**Your task**
Which lines below fall between the one containing "Studie Tæppe er" and the one containing "ANTIGUO CARTEL PARA"? Repeat them exactly, counting both of those lines, and add nothing else.

++++ Material provided ++++

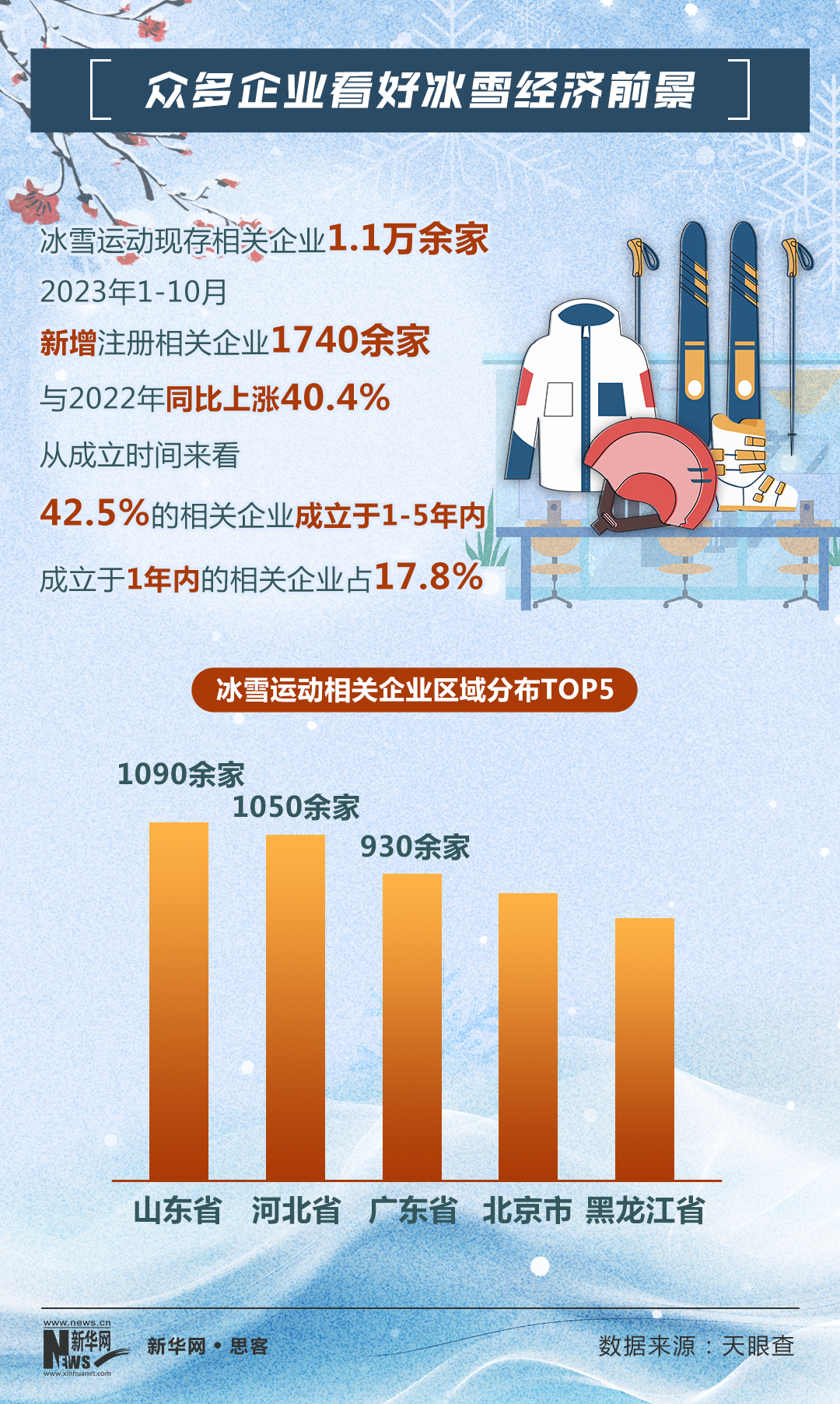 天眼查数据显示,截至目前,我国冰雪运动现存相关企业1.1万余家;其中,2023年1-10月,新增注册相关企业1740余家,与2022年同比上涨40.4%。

++++
++++ Material provided ++++

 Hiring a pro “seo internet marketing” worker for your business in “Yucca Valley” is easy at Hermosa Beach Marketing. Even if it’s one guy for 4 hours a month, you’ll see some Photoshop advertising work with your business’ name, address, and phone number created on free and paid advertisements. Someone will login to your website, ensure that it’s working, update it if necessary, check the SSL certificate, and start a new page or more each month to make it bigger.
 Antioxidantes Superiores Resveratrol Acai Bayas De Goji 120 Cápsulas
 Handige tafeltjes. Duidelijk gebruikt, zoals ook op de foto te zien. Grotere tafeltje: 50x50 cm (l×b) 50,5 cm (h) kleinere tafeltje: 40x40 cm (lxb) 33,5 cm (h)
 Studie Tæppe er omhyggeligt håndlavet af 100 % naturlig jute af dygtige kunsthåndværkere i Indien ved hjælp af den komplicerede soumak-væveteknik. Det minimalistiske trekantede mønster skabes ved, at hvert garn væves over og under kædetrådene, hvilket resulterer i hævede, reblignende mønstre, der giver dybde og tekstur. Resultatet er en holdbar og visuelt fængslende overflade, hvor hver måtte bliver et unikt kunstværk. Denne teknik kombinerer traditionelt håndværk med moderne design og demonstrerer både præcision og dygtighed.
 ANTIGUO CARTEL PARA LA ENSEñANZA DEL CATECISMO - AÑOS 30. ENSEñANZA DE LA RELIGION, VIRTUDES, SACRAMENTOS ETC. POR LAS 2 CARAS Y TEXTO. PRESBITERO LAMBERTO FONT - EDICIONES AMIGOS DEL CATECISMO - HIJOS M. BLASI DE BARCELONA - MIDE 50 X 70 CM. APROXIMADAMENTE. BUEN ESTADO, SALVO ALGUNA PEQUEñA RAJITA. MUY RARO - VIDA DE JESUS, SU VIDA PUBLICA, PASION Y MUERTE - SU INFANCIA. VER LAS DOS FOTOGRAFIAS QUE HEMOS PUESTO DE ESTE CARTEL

++++

**Finished exercise**
 Studie Tæppe er omhyggeligt håndlavet af 100 % naturlig jute af dygtige kunsthåndværkere i Indien ved hjælp af den komplicerede soumak-væveteknik. Det minimalistiske trekantede mønster skabes ved, at hvert garn væves over og under kædetrådene, hvilket resulterer i hævede, reblignende mønstre, der giver dybde og tekstur. Resultatet er en holdbar og visuelt fængslende overflade, hvor hver måtte bliver et unikt kunstværk. Denne teknik kombinerer traditionelt håndværk med moderne design og demonstrerer både præcision og dygtighed.
 ANTIGUO CARTEL PARA LA ENSEñANZA DEL CATECISMO - AÑOS 30. ENSEñANZA DE LA RELIGION, VIRTUDES, SACRAMENTOS ETC. POR LAS 2 CARAS Y TEXTO. PRESBITERO LAMBERTO FONT - EDICIONES AMIGOS DEL CATECISMO - HIJOS M. BLASI DE BARCELONA - MIDE 50 X 70 CM. APROXIMADAMENTE. BUEN ESTADO, SALVO ALGUNA PEQUEñA RAJITA. MUY RARO - VIDA DE JESUS, SU VIDA PUBLICA, PASION Y MUERTE - SU INFANCIA. VER LAS DOS FOTOGRAFIAS QUE HEMOS PUESTO DE ESTE CARTEL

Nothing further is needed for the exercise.